▶ _WHAT YOU WILL DO_: Restate word for word the lines of the records below, starting at the line that contains "If you want" and ending at the line that contains "The galley is", with both of those lines included and nothing else.

____ EXTRACTED DATA

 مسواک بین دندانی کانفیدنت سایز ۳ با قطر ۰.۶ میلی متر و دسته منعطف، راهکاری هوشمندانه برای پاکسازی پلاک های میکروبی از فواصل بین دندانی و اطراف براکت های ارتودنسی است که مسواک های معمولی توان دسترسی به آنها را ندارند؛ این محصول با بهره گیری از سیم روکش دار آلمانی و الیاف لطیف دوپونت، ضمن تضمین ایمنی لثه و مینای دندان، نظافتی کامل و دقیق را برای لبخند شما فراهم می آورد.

________
____ EXTRACTED DATA

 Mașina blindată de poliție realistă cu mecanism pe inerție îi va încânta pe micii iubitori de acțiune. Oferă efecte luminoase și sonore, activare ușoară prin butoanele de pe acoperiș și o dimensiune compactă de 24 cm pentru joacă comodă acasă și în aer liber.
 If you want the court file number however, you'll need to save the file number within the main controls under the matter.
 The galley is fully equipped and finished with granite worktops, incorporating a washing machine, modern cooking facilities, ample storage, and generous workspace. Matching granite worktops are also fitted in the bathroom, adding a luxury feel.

________

▶ _RESPONSE BOX_:
 If you want the court file number however, you'll need to save the file number within the main controls under the matter.
 The galley is fully equipped and finished with granite worktops, incorporating a washing machine, modern cooking facilities, ample storage, and generous workspace. Matching granite worktops are also fitted in the bathroom, adding a luxury feel.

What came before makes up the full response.